Statistical Programmer at GSK

Steve has been working in the pharma industry for over 25 years, initially working as a statistical programmer at a CRO and later moving to GSK. He transitioned to a Principal Statistician role in 2006, after doing a part-time MSc at Birkbeck college, and is now working as a Statistics Manager supporting renal and respiratory projects.

Steve has always had a passion for data visualisation, and was an active member of a GSK graphics initiative which was set up several years ago to drive the implementation of new graphics standards and tools. Steve developed and presented SAS graphics training, and was actively involved in building a library of standard graphs with supporting documentation and example code (based on SAS, and also S-Plus if anybody remembers that!)

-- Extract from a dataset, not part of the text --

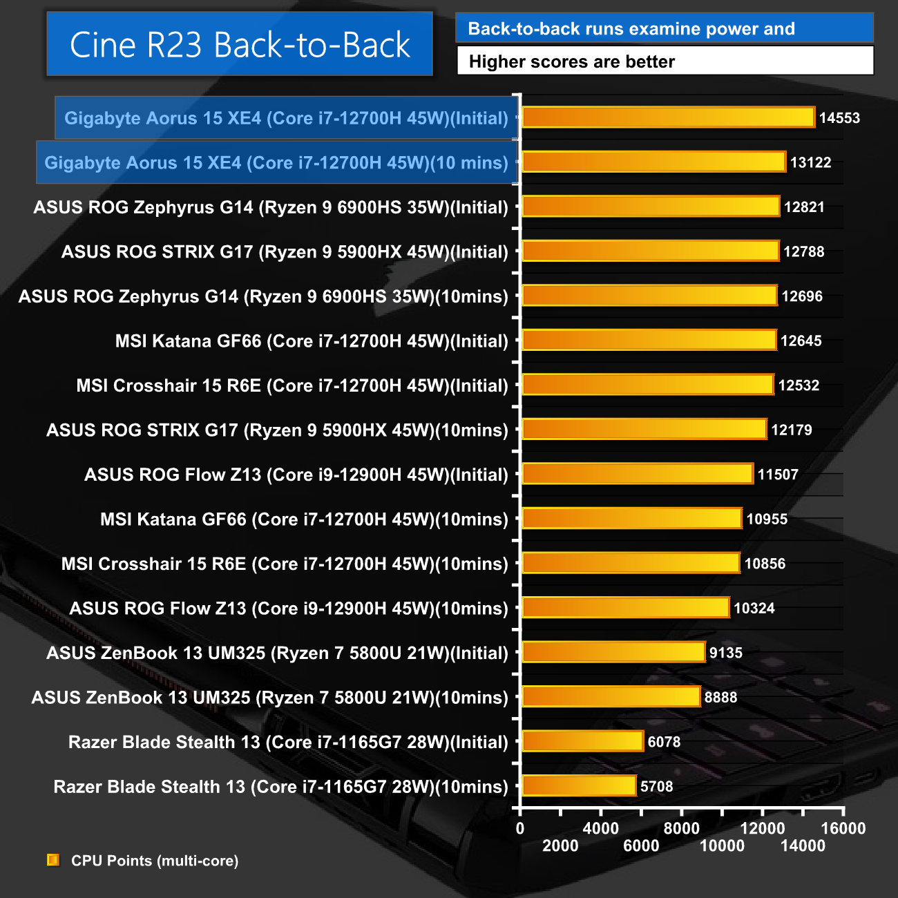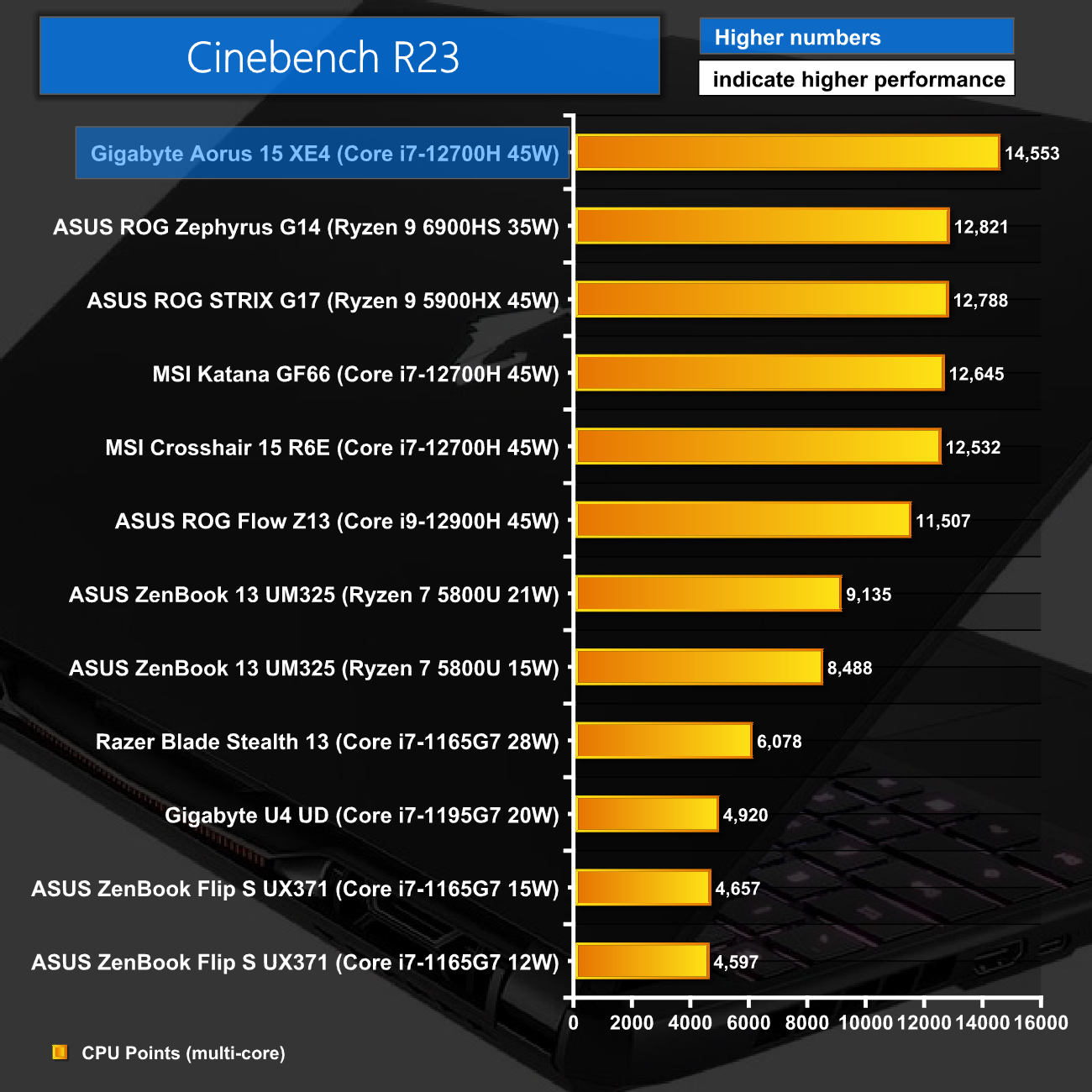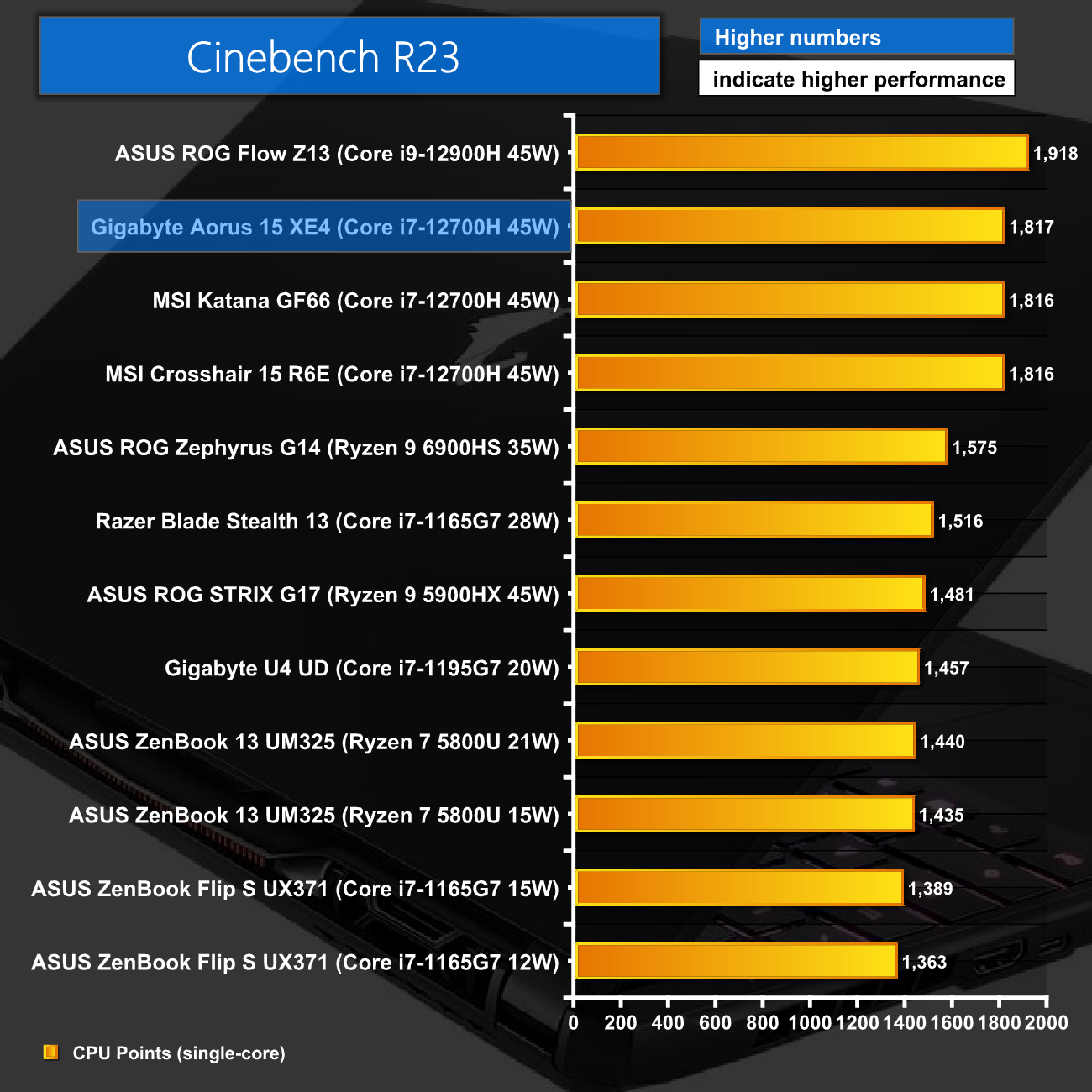 Cinebench R23 multi-core performance is very strong from the Aorus 15. Thanks to the relatively high sustained clock speed, it out-performs the likes of the MSI Crosshair 15 R6E by about 16%, as the MSI laptop managed to operate it's P-cores at 2.2GHz, compared to 2.7GHz for the Aorus 15.

Eventually GSK’s centralised graphics team was disbanded, but more recently Steve’s passion for graphics has been rekindled after coming across the  “Grammar of Graphics” philosophy, which goes beyond libraries of named graphics (“scatterplot” etc.) towards thinking about the fundamental elements of a plot, and assigning an appropriate “aesthetic” to each variable to gain deep insights into data. Steve is now an unrepentant convert to the R language (at least for data visualisation) and in particular the ggplot2 package.

Steve has been an active member of the PSI data visualisation SIG since early 2020, and eagerly looks forward to each Wonderful Wednesday, and marvelling at the ingenuity and creativity of statisticians and data scientists in our community!